→ TASK BRIEF: The data below should be restated word for word, with every picture omitted.

→ EXTRACTED RECORDS:
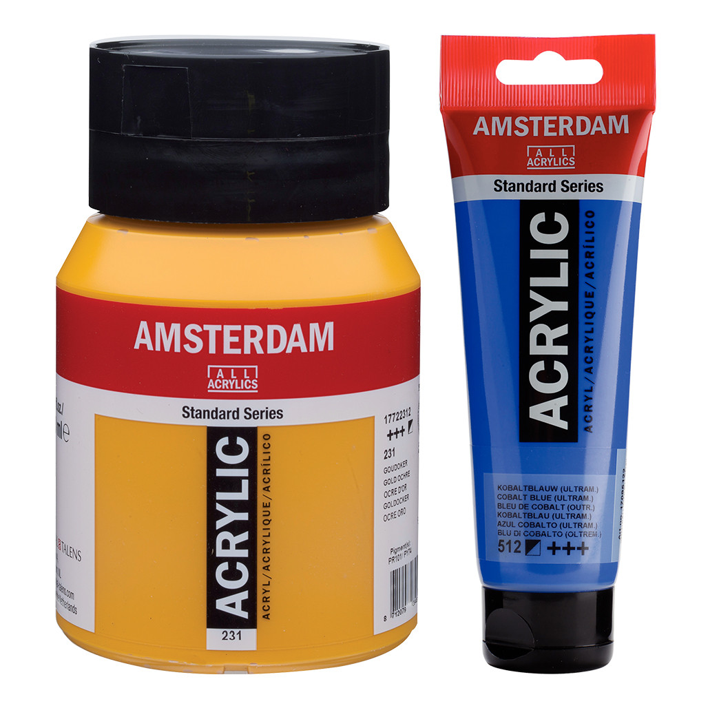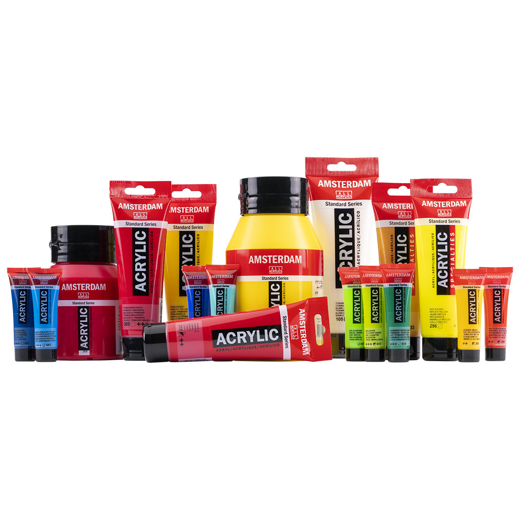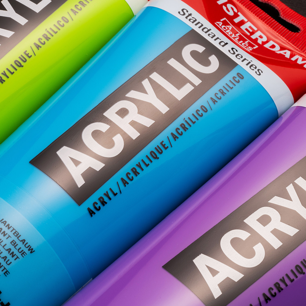 Amsterdam Standard Series Acrylics feature remarkably vibrant, traditional, and contemporary colors. They boast a high level of lightfastness, thanks to the use of high-grade, non-fading pigments in a 100% acrylic emulsion.
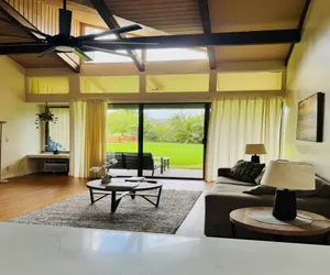 Perfectly located ground floor unit on the 1st tee of the Fazio Course and a few steps away from Lei Lei's restaurant. Free parking that's located close to unit with a sidewalk leading to the entrance making it easy to load/unload your belongings and is wheelchair accessible. The lovely 2 bedroom with a loft and 2 bathroom unit has wood flooring throughout the 1st floor and carpet in the loft and master bedroom upstairs. Walk-in shower upstairs and tub/shower downstairs. Open lanai perfect for sitting and watching the sunset. Smart TV in the living room and a flat screen TV in master bedroom. Window A/C units in both bedrooms. Sleeps a total of 6 with four twin beds, one King bed, and a queen sofa sleeper. Full kitchen has refrigerator/freezer, stove, oven, microwave, coffee maker, toaster, and blender making it ideal in preparing meals. Spacious, roomy condo. Perfect home away from home. All linens and towels are provided. This property also has pickleball, basketball and Tennis courts.
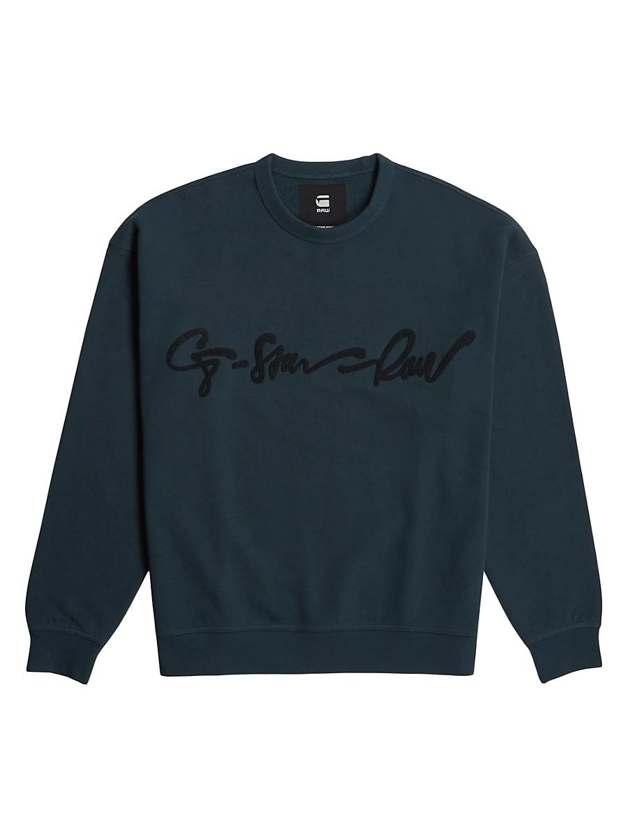 Crafted of cotton, this crewneck relaxed sweatshirt is accented with a chenille script G-Star RAW logo embroidered graphic at the front. Crewneck Long sleeves Pulls over 100% cotton Machine wash Imported SIZE & FIT Model measurements: 62 tall, 40 chest Model is wearing a US size Medium. Mens Denim & Contemp - Contemp Denim And Bottom > G-star Raw > Saks Fifth Avenue > Barneys. G-Star RAW. Color: Legion Blue. Size: XL.
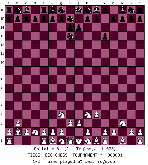Last move : 1-0 2008 October 3 16:37:40 [Event "FICGS__BIG_CHESS__TOURNAMENT_M__000001"] [Site "FICGS"] [Date "2008.09.18"] [Round "1"] [White "Collette,Benjamin"] [Black "Taylor,William"] [Result "1-0"] [WhiteElo ""] [BlackElo "1923"] 1.j2-k4 m15-m13 2.b2-b3 j15-h13 3.c1-b2 h16-o10 4.h2-g4 o10-o2 5.p1-o3 o2-j7 6.l2-l4 j7-d2 7.b1-d2 1-0 Follow this game move after move (download)Don't even mention losing to me. I can't stand to think of it. (Bobby Fischer) Ich verachte Kasparow. (Viktor Kortschnoi) Con o sin el título, Bobby Fischer fue sin lugar a dudas el mas grande jugador de su época. (Burt Hochberg) Ce qui caractérise les parties de combat, c'est que si le défenseur a constamment de difficiles problèmes à résoudre, l'attaquant doit chercher sans relâche de nouvelles possibilités d'attaque. (Koblentz) The next best thing to gambling and winning is gambling and loosing. (Nick Dandalos)
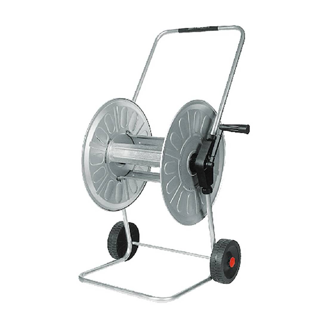Tamburo e telaio in acciaio zincato. Manovella con anima in acciaio e rivestita in plastica. Raccorderia automatica in plastica. Dotato di ruote per lo spostamento.
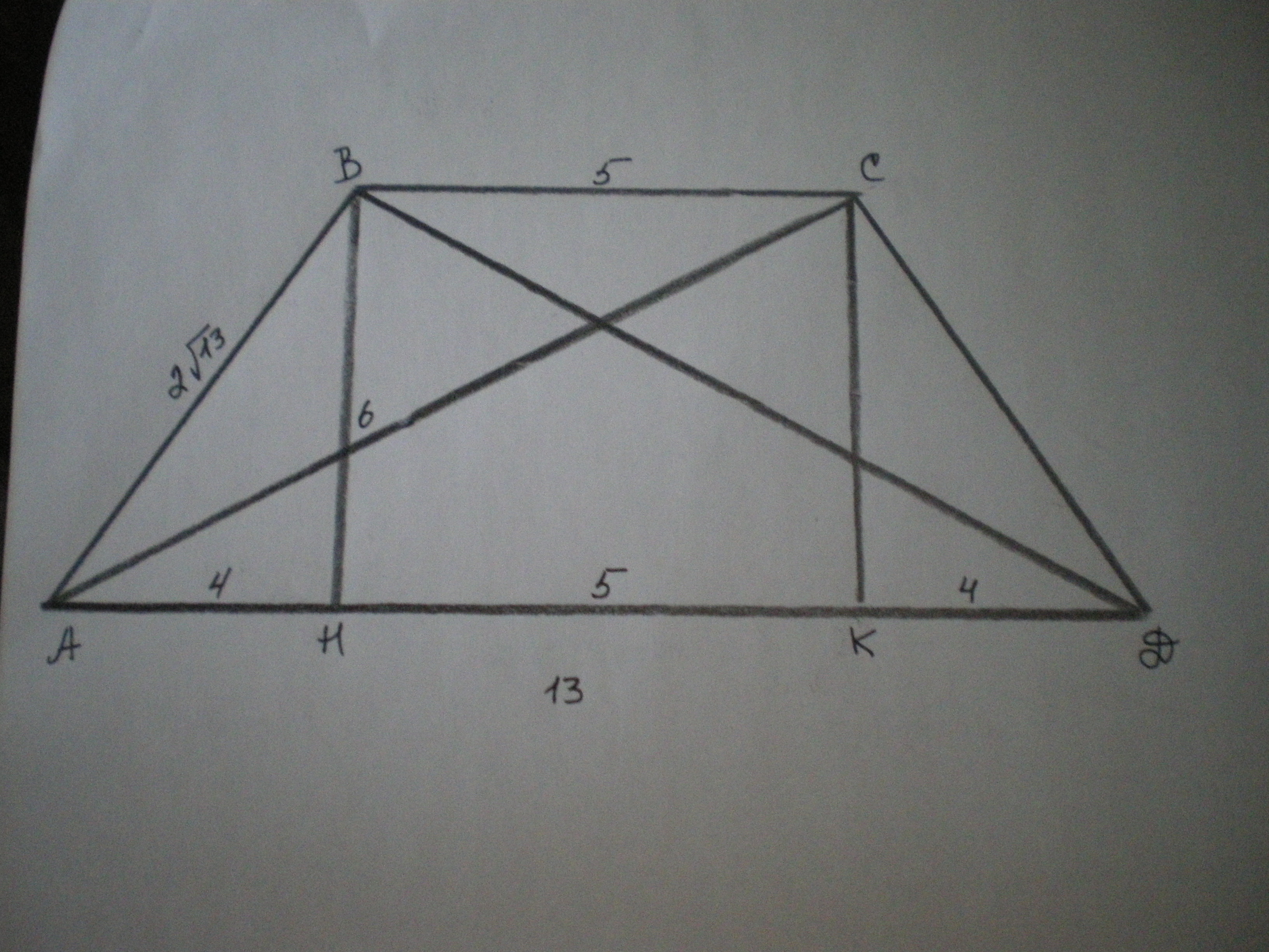 Решение: Проведем высоты ВН и СК. Тогда КН=ВС=5 см, АН=КД=(13-5):2=4 см.
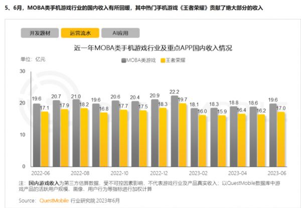 根据QuestMobile用户数据,2023年上半年,《王者荣耀》平均月活为1.4亿,在游戏类目中排名第一。这个数字相较于以往未能实现大幅增长,2022年12月为1.5亿,2022年1月为1.6亿,2021年每月则在1.3亿到1.7亿之间。而在巅峰期,月活可达2亿+。
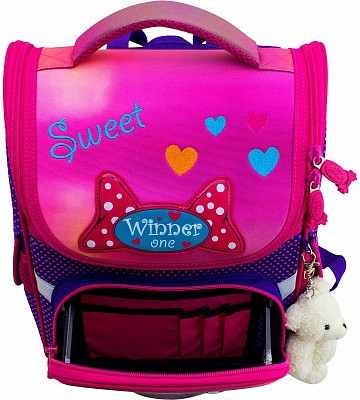 «Раскладушка» - это классическая модель ранцев, которая так полюбилась школьникам. Данная модель может полностью раскладываться и принимать плоскую форму. В центральном отделении имеется два разделителя и резинка для крепления школьных принадлежностей. На передней части ранца расположен карман на молнии украшенный объемной 3D картинкой. Два кармана по бокам.
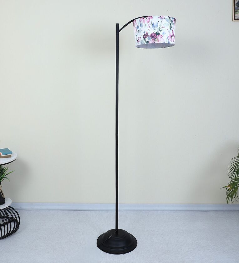 Modern Lamppost Style Black Iron Base Floor Lamps Cobra Saffron Print Satin Shade
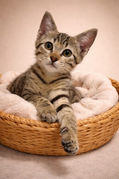 Voici ZYRA, adorable chatonne tigrée avec de légères taches rousses/beiges🧡🤎🖤, à la recherche de sa famille pour la vie… idéalement avec son frère PHOENIX, dont elle est inséparable 💞
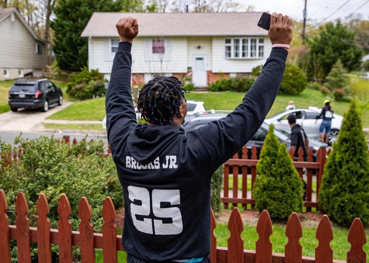 [Pictured: The Maryland Terrapins’ Antoine Brooks Jr. celebrates being drafted in the sixth round by the Pittsburgh Steelers on April 25, 2020, at home in Lanham, Maryland.]
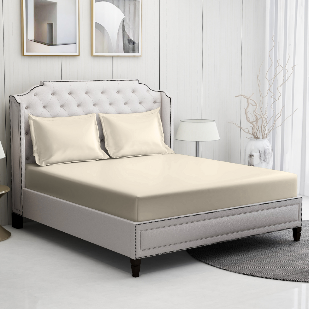 Off White Solid 100% Cotton Bedding Set | King Size 108×108 | 400 TC with 2 Pillow Covers
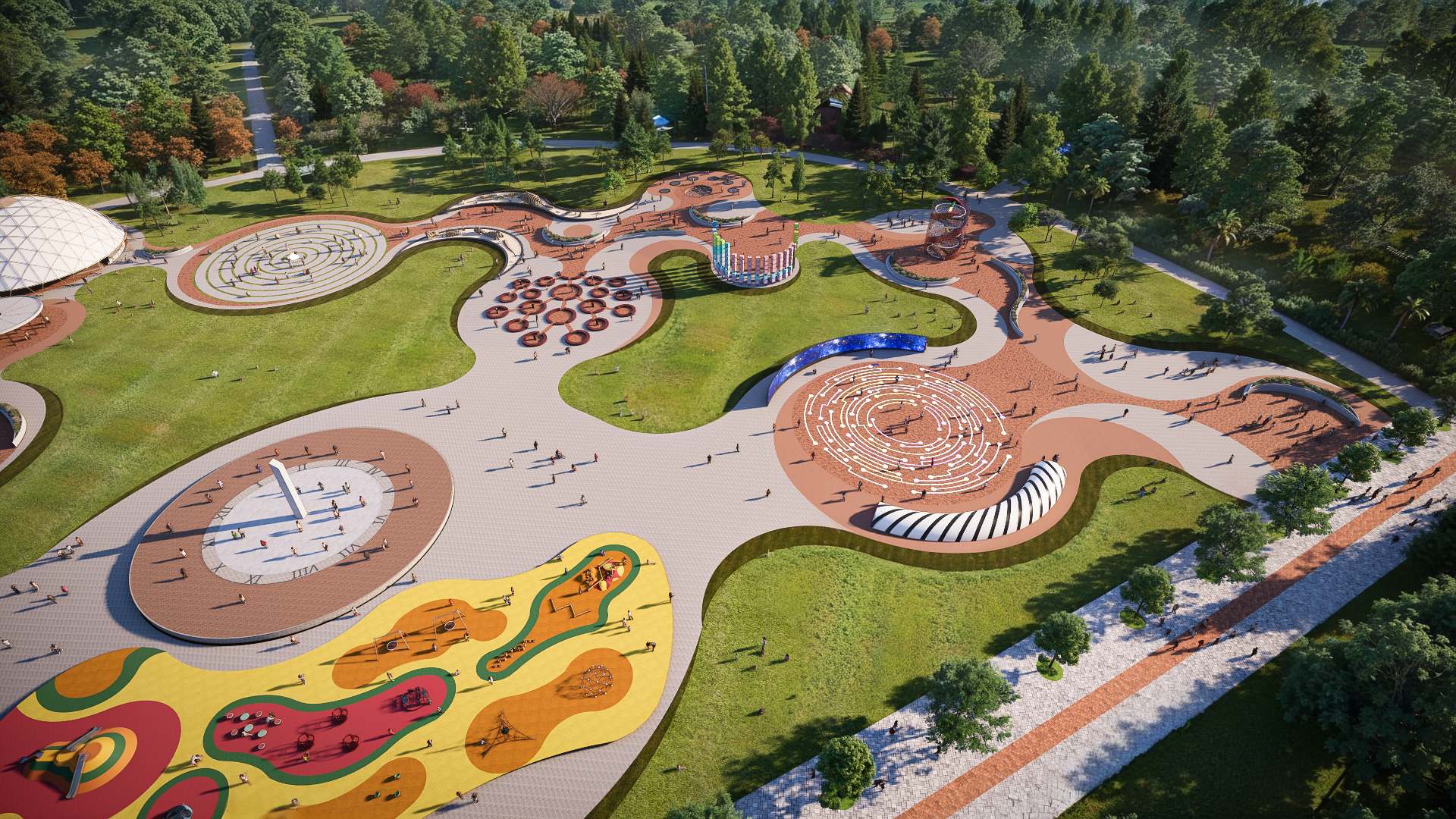 Seguindo esses princípios, propõe-se a expansão do parque, por meio de um Masterplan, com a criação de espaços abertos, voltados ao lazer, à convivência e à educação ambiental, com ênfase nas áreas verdes, no paisagismo e nos passeios. O projeto do Masterplan, ao buscar a integração harmoniosa entre natureza, arquitetura e tecnologia, se torna uma ferramenta cidadã, que estimula a curiosidade científica de crianças, jovens e adultos. Seu objetivo central é narrar a evolução do conhecimento humano por meio de uma experiência imersiva, na qual os visitantes são guiados por uma linha cronológica, desde o período pré-histórico até a era das tecnologias.

→ RESPONSE FOR THIS EXERCISE:
 Amsterdam Standard Series Acrylics feature remarkably vibrant, traditional, and contemporary colors. They boast a high level of lightfastness, thanks to the use of high-grade, non-fading pigments in a 100% acrylic emulsion.
 Perfectly located ground floor unit on the 1st tee of the Fazio Course and a few steps away from Lei Lei's restaurant. Free parking that's located close to unit with a sidewalk leading to the entrance making it easy to load/unload your belongings and is wheelchair accessible. The lovely 2 bedroom with a loft and 2 bathroom unit has wood flooring throughout the 1st floor and carpet in the loft and master bedroom upstairs. Walk-in shower upstairs and tub/shower downstairs. Open lanai perfect for sitting and watching the sunset. Smart TV in the living room and a flat screen TV in master bedroom. Window A/C units in both bedrooms. Sleeps a total of 6 with four twin beds, one King bed, and a queen sofa sleeper. Full kitchen has refrigerator/freezer, stove, oven, microwave, coffee maker, toaster, and blender making it ideal in preparing meals. Spacious, roomy condo. Perfect home away from home. All linens and towels are provided. This property also has pickleball, basketball and Tennis courts.
 Crafted of cotton, this crewneck relaxed sweatshirt is accented with a chenille script G-Star RAW logo embroidered graphic at the front. Crewneck Long sleeves Pulls over 100% cotton Machine wash Imported SIZE & FIT Model measurements: 62 tall, 40 chest Model is wearing a US size Medium. Mens Denim & Contemp - Contemp Denim And Bottom > G-star Raw > Saks Fifth Avenue > Barneys. G-Star RAW. Color: Legion Blue. Size: XL.
Last move : 1-0 2008 October 3 16:37:40 [Event "FICGS__BIG_CHESS__TOURNAMENT_M__000001"] [Site "FICGS"] [Date "2008.09.18"] [Round "1"] [White "Collette,Benjamin"] [Black "Taylor,William"] [Result "1-0"] [WhiteElo ""] [BlackElo "1923"] 1.j2-k4 m15-m13 2.b2-b3 j15-h13 3.c1-b2 h16-o10 4.h2-g4 o10-o2 5.p1-o3 o2-j7 6.l2-l4 j7-d2 7.b1-d2 1-0 Follow this game move after move (download)Don't even mention losing to me. I can't stand to think of it. (Bobby Fischer) Ich verachte Kasparow. (Viktor Kortschnoi) Con o sin el título, Bobby Fischer fue sin lugar a dudas el mas grande jugador de su época. (Burt Hochberg) Ce qui caractérise les parties de combat, c'est que si le défenseur a constamment de difficiles problèmes à résoudre, l'attaquant doit chercher sans relâche de nouvelles possibilités d'attaque. (Koblentz) The next best thing to gambling and winning is gambling and loosing. (Nick Dandalos)
Tamburo e telaio in acciaio zincato. Manovella con anima in acciaio e rivestita in plastica. Raccorderia automatica in plastica. Dotato di ruote per lo spostamento.
 Решение: Проведем высоты ВН и СК. Тогда КН=ВС=5 см, АН=КД=(13-5):2=4 см.
 根据QuestMobile用户数据,2023年上半年,《王者荣耀》平均月活为1.4亿,在游戏类目中排名第一。这个数字相较于以往未能实现大幅增长,2022年12月为1.5亿,2022年1月为1.6亿,2021年每月则在1.3亿到1.7亿之间。而在巅峰期,月活可达2亿+。
 «Раскладушка» - это классическая модель ранцев, которая так полюбилась школьникам. Данная модель может полностью раскладываться и принимать плоскую форму. В центральном отделении имеется два разделителя и резинка для крепления школьных принадлежностей. На передней части ранца расположен карман на молнии украшенный объемной 3D картинкой. Два кармана по бокам.
 Modern Lamppost Style Black Iron Base Floor Lamps Cobra Saffron Print Satin Shade
 Voici ZYRA, adorable chatonne tigrée avec de légères taches rousses/beiges🧡🤎🖤, à la recherche de sa famille pour la vie… idéalement avec son frère PHOENIX, dont elle est inséparable 💞
 [Pictured: The Maryland Terrapins’ Antoine Brooks Jr. celebrates being drafted in the sixth round by the Pittsburgh Steelers on April 25, 2020, at home in Lanham, Maryland.]
 Off White Solid 100% Cotton Bedding Set | King Size 108×108 | 400 TC with 2 Pillow Covers
 Seguindo esses princípios, propõe-se a expansão do parque, por meio de um Masterplan, com a criação de espaços abertos, voltados ao lazer, à convivência e à educação ambiental, com ênfase nas áreas verdes, no paisagismo e nos passeios. O projeto do Masterplan, ao buscar a integração harmoniosa entre natureza, arquitetura e tecnologia, se torna uma ferramenta cidadã, que estimula a curiosidade científica de crianças, jovens e adultos. Seu objetivo central é narrar a evolução do conhecimento humano por meio de uma experiência imersiva, na qual os visitantes são guiados por uma linha cronológica, desde o período pré-histórico até a era das tecnologias.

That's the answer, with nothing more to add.